Interessante notar a atuação de alguns estilistas belgas que tentam subverter a grande indústria da moda, embora alguns acabem, afinal, rendendo-se a
ela. Raf Simons é um estilista que ainda resiste, apresentando em seus desfiles
pessoas não profissionais, escolhidas nas ruas (Jones & Mair, 2003, p. 412).
Simons tenta subverter a sistemática da indústria da moda, fazendo peça por
peça, sem levar em conta a ideia da produção em massa. Sua prática levará em
breve ao lançamento de peças fora dos calendários oficiais de moda, substituindo a secular sazonalidade por um constante surgimento de novidades. De
certa maneira já vivemos assim, pois, tanto nos shopping centers como nas
lojas de rua, chegam peças novas constantemente, ainda que lançadas como
coleção sazonal nos desfiles ou segundo a lógica dos “seis meses”.

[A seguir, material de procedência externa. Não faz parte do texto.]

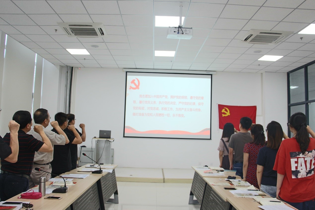 最后,全体与会人员面向党旗庄严宣誓、重温入党誓词。

Essa dinâmica conhecida e descrita por Frings no livro Fashion – from concept to consumer (1999) coloca o ciclo da moda subdividindo-o em cinco etapas:
introdução, início da popularização, auge da popularização, declínio e rejeição. A
moda atual caracteriza-se por seus elementos ligados ao vestuário, ao corpo e ao
comportamento desse corpo, e sua ação é sistematizada nas formas de abordagem ao consumidor, tal como afirmou Frings. Essa sistematização reflete-se num
refinamento nas estratégias de produção e venda, muito característico da moda
atual. Mas para entender essa “moda atual” são necessários esclarecimentos sobre
a evolução e a construção da indústria da moda durante o século XX.